## Records for processing
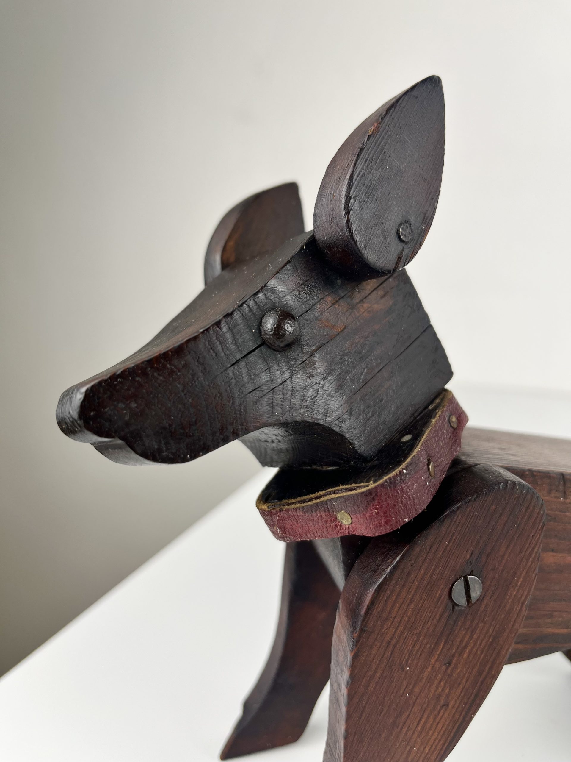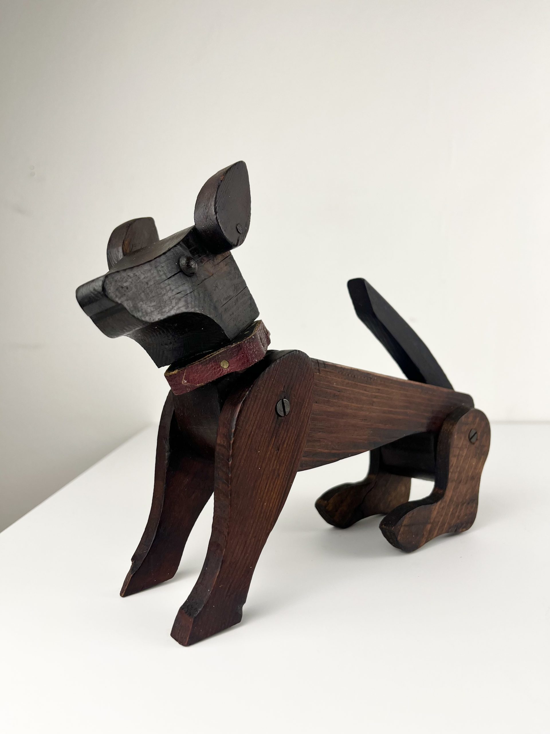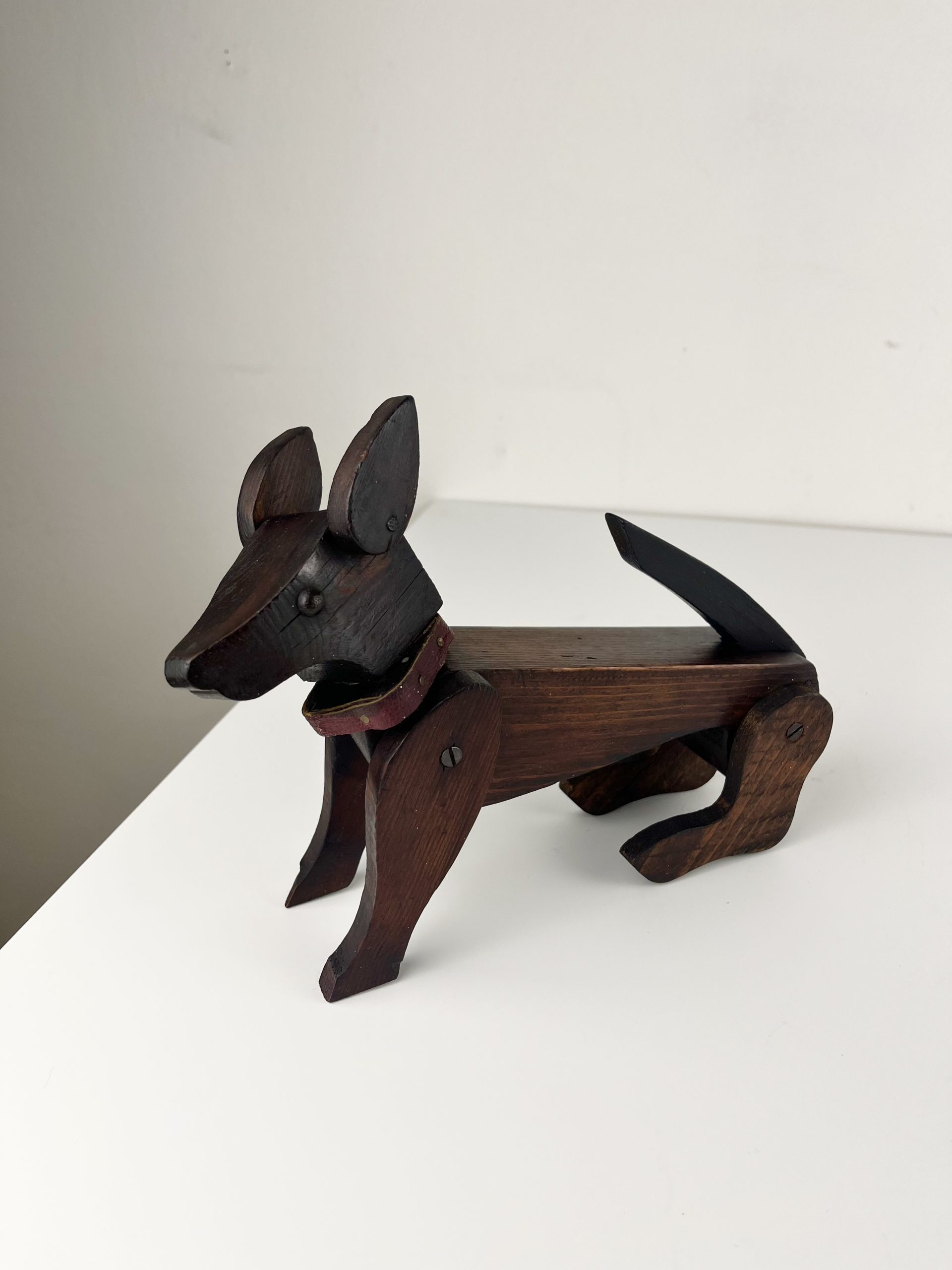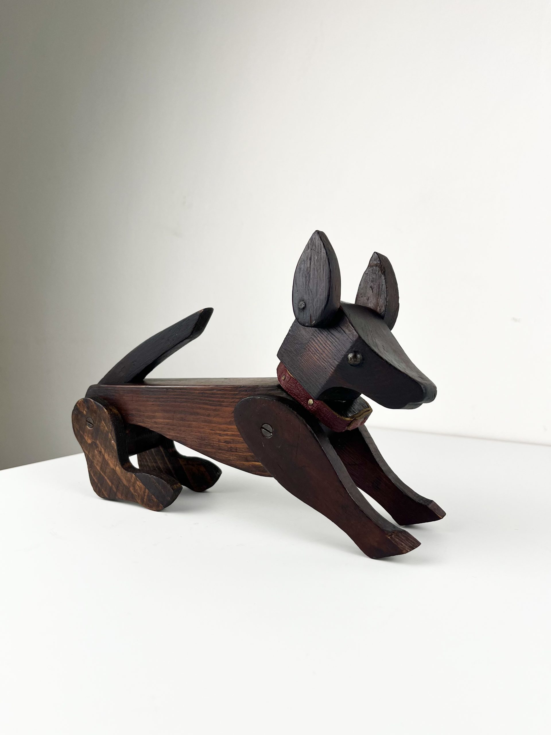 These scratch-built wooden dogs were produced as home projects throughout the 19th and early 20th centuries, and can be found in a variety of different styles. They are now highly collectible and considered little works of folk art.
==
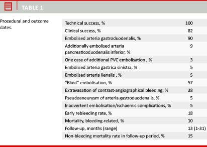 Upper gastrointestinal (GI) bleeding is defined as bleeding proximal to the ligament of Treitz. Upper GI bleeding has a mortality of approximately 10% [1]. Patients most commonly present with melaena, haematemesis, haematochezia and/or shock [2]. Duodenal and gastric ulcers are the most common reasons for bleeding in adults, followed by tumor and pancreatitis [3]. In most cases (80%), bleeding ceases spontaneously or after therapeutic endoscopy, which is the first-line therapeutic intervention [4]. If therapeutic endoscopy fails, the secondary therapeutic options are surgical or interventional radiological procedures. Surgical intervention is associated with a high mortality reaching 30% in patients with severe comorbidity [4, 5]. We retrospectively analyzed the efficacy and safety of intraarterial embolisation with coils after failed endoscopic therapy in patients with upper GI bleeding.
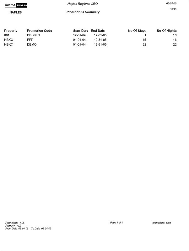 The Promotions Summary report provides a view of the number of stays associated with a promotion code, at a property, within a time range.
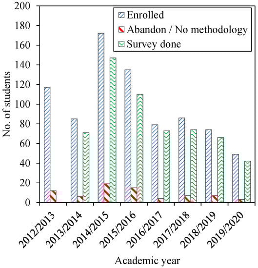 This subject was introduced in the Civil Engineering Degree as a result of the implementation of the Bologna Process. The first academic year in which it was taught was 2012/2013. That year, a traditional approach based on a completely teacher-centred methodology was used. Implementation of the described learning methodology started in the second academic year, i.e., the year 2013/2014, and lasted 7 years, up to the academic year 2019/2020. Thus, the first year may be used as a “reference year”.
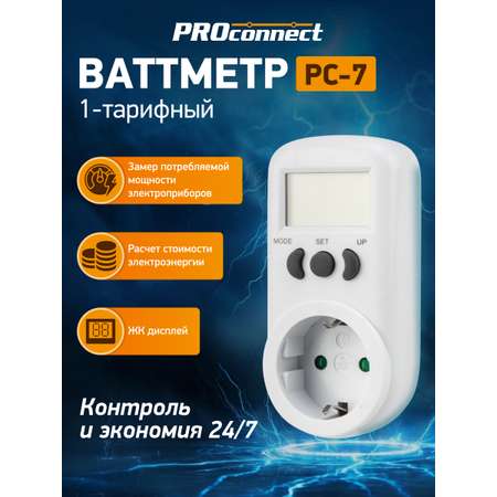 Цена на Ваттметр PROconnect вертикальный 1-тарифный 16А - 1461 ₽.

## Problem details
Print exactly, with no pictures, the lines above from the one that holds "This subject was" through the one that holds "Цена на Ваттметр", both of them included.

## Exercise answer
 This subject was introduced in the Civil Engineering Degree as a result of the implementation of the Bologna Process. The first academic year in which it was taught was 2012/2013. That year, a traditional approach based on a completely teacher-centred methodology was used. Implementation of the described learning methodology started in the second academic year, i.e., the year 2013/2014, and lasted 7 years, up to the academic year 2019/2020. Thus, the first year may be used as a “reference year”.
 Цена на Ваттметр PROconnect вертикальный 1-тарифный 16А - 1461 ₽.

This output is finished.